La présidente du Bundestag, Julia Klöckner, a de nouveau interrompu le discours de Merz. Il y aurait une fois de plus trop d'interpellations et de sifflets de la part du groupe AfD.

Merz l'a remerciée et a ajouté : "Ce groupe continuera à tenter de perturber." De nouvelles tentatives de perturbation sont venues du groupe AfD. "Vous voulez déstabiliser notre pays. Tout votre mépris pour le Bundestag allemand s'exprime aussi dans ce comportement." Les interruptions ont continué.

Klöckner est intervenue : "Nous ne sommes pas ici sur un terrain de football." La responsable de la CDU a menacé d'exclure des députés de la séance.

Friedrich Merz a ensuite semblé vouloir contre-attaquer. Il a expliqué qu'il voulait initialement épargner cela au groupe AfD, mais qu'il allait finalement citer le tête de liste de l'AfD, Siegmund. Quelques jours avant le scrutin en Saxe-Anhalt, celui-ci avait déclaré devant l'organisation de jeunesse de l'AfD : "L'Allemagne est un assisté paresseux qui pue la dope." Dope est un synonyme de marijuana. Cette citation montre ce que l'AfD pense de l'Allemagne, a estimé le chancelier.

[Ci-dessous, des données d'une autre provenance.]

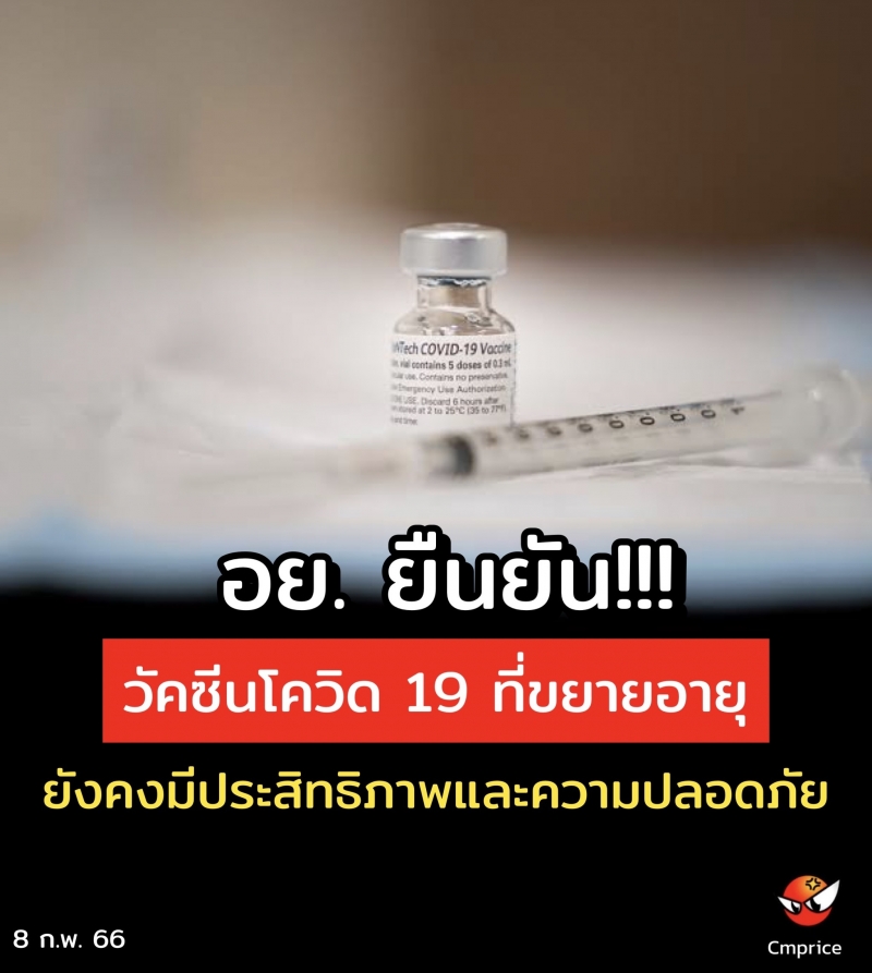 นายแพทย์ไพศาล ดั่นคุ้ม เลขาธิการคณะกรรมการอาหารและยา เปิดเผยว่า ตามที่มีการนำเสนอประเด็นในสื่อออนไลน์เกี่ยวกับการขยายอายุวัคซีนโควิด 19 ของไฟเซอร์นั้น สำนักงานคณะกรรมการอาหารและยา (อย.) ขอชี้แจงว่า อย. มีมาตรฐานในการพิจารณาขยายอายุวัคซีนตามแนวทางขององค์การอนามัยโลก ซึ่งผ่านการประเมินข้อมูลจากผู้เชี่ยวชาญ โดยพิจารณาจากข้อมูลการศึกษาความคงสภาพระยะยาวที่อุณหภูมิ -60 ถึง-90 องศาเซลเซียส ซึ่งจะมีการปรับปรุงเป็นระยะอย่างต่อเนื่องตามข้อมูลผลการทดสอบความแรง (Potency) ความบริสุทธิ์ (Purity) ความปราศจากเชื้อ (Sterility) ประกอบกับข้อมูลรายงานอาการไม่พึงประสงค์หรือปัญหาคุณภาพของผลิตภัณฑ์จากผู้ใช้ยาอย. จึงอนุญาตให้ขยายอายุวัคซีนได้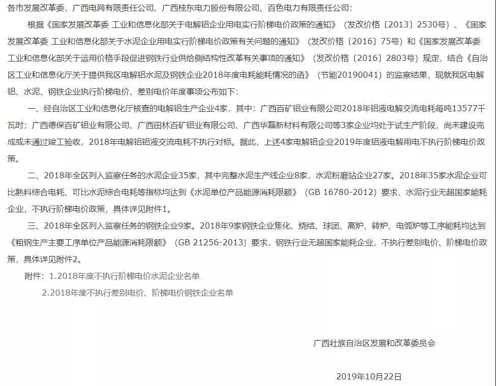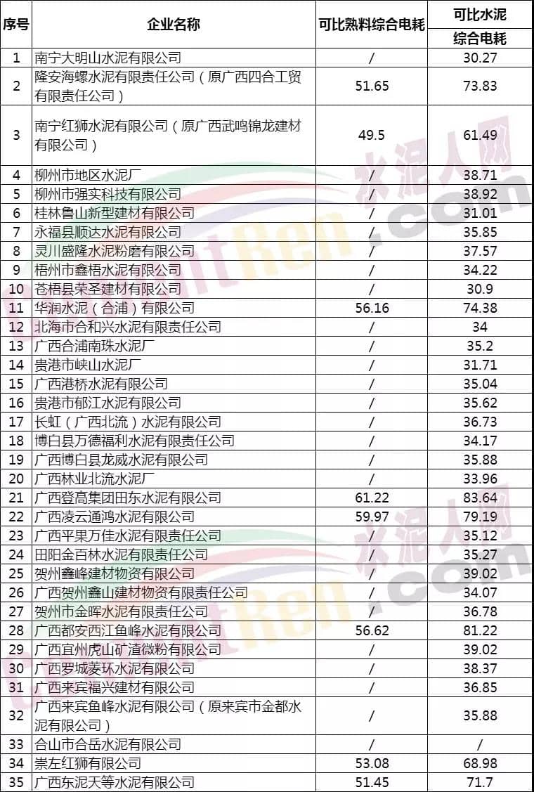 水泥人網(wǎng)消息:日前,廣西壯族自治區(qū)發(fā)改委發(fā)布《廣西壯族自治區(qū)發(fā)展和改革委員會關(guān)于我區(qū)電解鋁水泥鋼鐵企業(yè)執(zhí)行階梯電價(jià)差別電價(jià)有關(guān)事項(xiàng)的通知》稱: 2018年全區(qū)列入監(jiān)察任務(wù)的水泥企業(yè)35家,其中完整水泥生產(chǎn)線企業(yè)8家,水泥粉磨站企業(yè)27家。2018年35家水泥企業(yè)可比熟料綜合電耗、可比水泥綜合電耗等指標(biāo)均達(dá)到《水泥單位產(chǎn)品能源消耗限額》(GB 16780-2012)要求,水泥行業(yè)無超國家能耗企業(yè),不執(zhí)行階梯電價(jià)政策。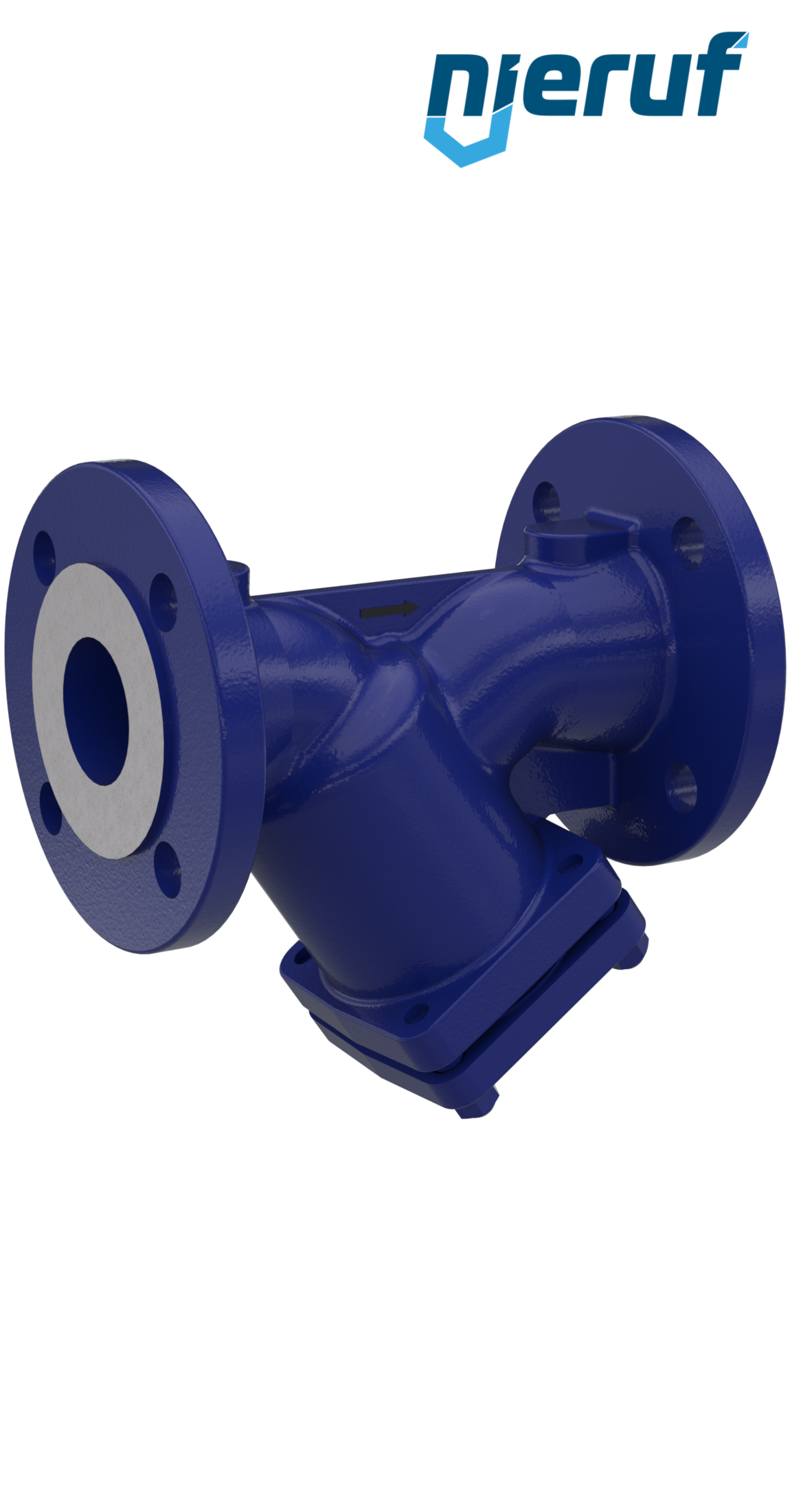strainer DN15 made of cast iron (blue painting) for steam flange PN10/16 temperature up to +300°C 1 mm mesh
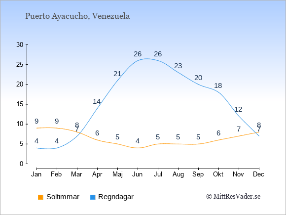 Grafen visar det genomsnittliga antalet soltimmar i Puerto Ayacucho under en viss månad (soltimmar är det antalet timmar per dag där solen skinnar), och antalet regndagar (dvs. det genomsnittliga antalet dagar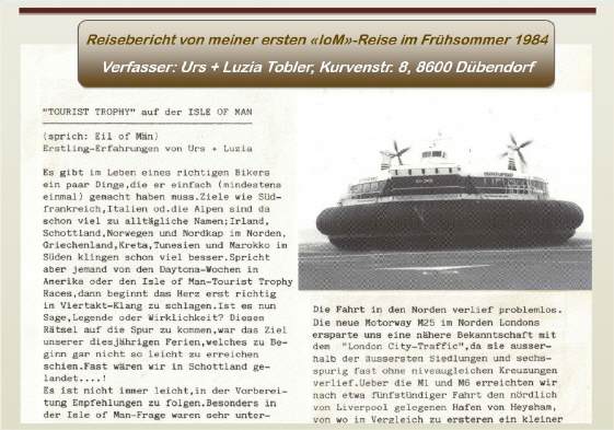 Schon 1984, 1985 und 1992 fuhr ich zu den «TT-Rennen» auf der Insel Man: Um wirklich einen Eindruck zu bekommen, lohnt sich die Anreise bereits in der Vorwoche, in der die Trainingsläufe stattfinden. Am Samstag starten die Rennen mit den ersten beiden Läufen, dann ist ein Tag Rennpause - wegen der Zuschauer wird der Sonntag «Mad Sunday» genannt - und am Montag geht es mit den Rennen weiter... «Isle of Man-TT Races 2011» Für den Bericht auf das Bild rechts klicken! (Seite noch in Arbeit) |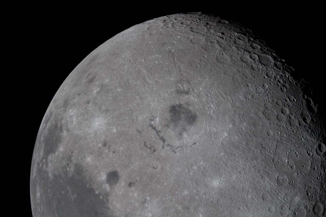 As they passed behind the moon, the astronauts were treated to a view of areas that had never before been seen by human eyes, such as the entirety of a crater called Orientale basin (below). The dark patch at the centre of the crater is dried lava from an eruption billions of years ago. The astronauts proposed new names for two smaller craters near Orientale: Integrity, after their spacecraft, and Carroll, after Wiseman’s late wife.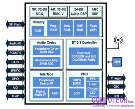 圖示3-大聯大品佳推出基於Audiowise PAU1818的TWS藍牙耳機方案的方塊圖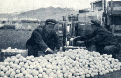 青海省用安2型飞机满载桦、云杉等树种在积雪的荒山上撒种造林。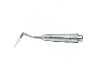 Las Piezas De Mano Perio Mate de NSK se utilizan en el tratamiento de bolsas periodontales y periimplantitis. En los procedimientos de higiene oral, resulta fundamental evitar lesiones en los tejidos blandos y en las superficies de la raíz dentro de las delicadas bolsas periodontales. El pulverizador de agua ultrafino de Perio-Mate y su Polvo con base de glicina se aúnan para eliminar con delicadeza la película biológica de las bolsas periodontales en tan sólo 20 segundos. Gracias a los años de experiencia acumulados en el análisis de la dinámica de fluidos para desarrollar su tecnología de turbinas, NSK ha concebido un sistema de pulverización seguro y tremendamente eficiente que permite una eliminación precisa y rápida de la placa bacteriana presente en las zonas subgingivales.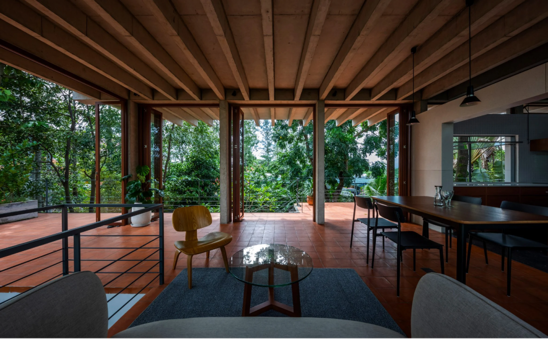 Tận dụng mảng xanh thiên nhiên bao quanh, ngôi nhà đã thay những bức tường ngăn cách bằng hệ cửa kính gấp tạo cảm giác bên trong với bên ngoài như hòa vào làm một.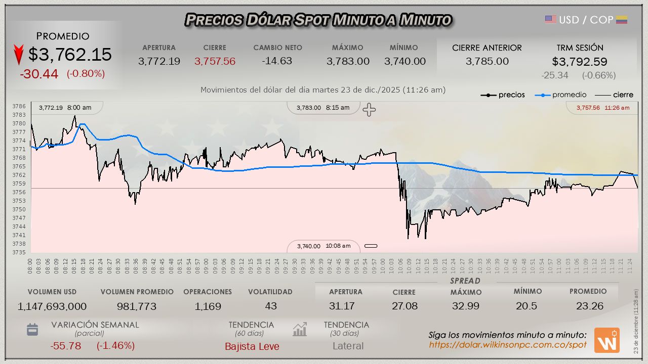 En lo transcurrido hasta el momento de la sesión del día martes, el dólar mantiene un descenso continuado desde que inició la jornada, a un precio corriente de $3,766.03, con un margen por debajo de la TRM, siendo inferior en $-26.56 pesos (aumentando las pérdidas de la sesión anterior), dicha TRM fijada en $3,792.59 para la sesión.

Trois générations ont pu, après la Seconde Guerre mondiale, compter sur la promesse de prospérité de l'Allemagne. La jeune génération en doute aujourd'hui. Le gouvernement fédéral doit ouvrir de nouvelles perspectives. Les réformes "servent la cohésion, le progrès et le développement continu de notre pays dans la liberté et la paix".

"Nous prendrons en main l'avenir de notre pays, nous le façonnerons et l'améliorerons. Et nous veillerons à ce que nos enfants et nos petits-enfants retrouvent une espérance d'avenir." Sur ces mots, Merz a conclu son discours.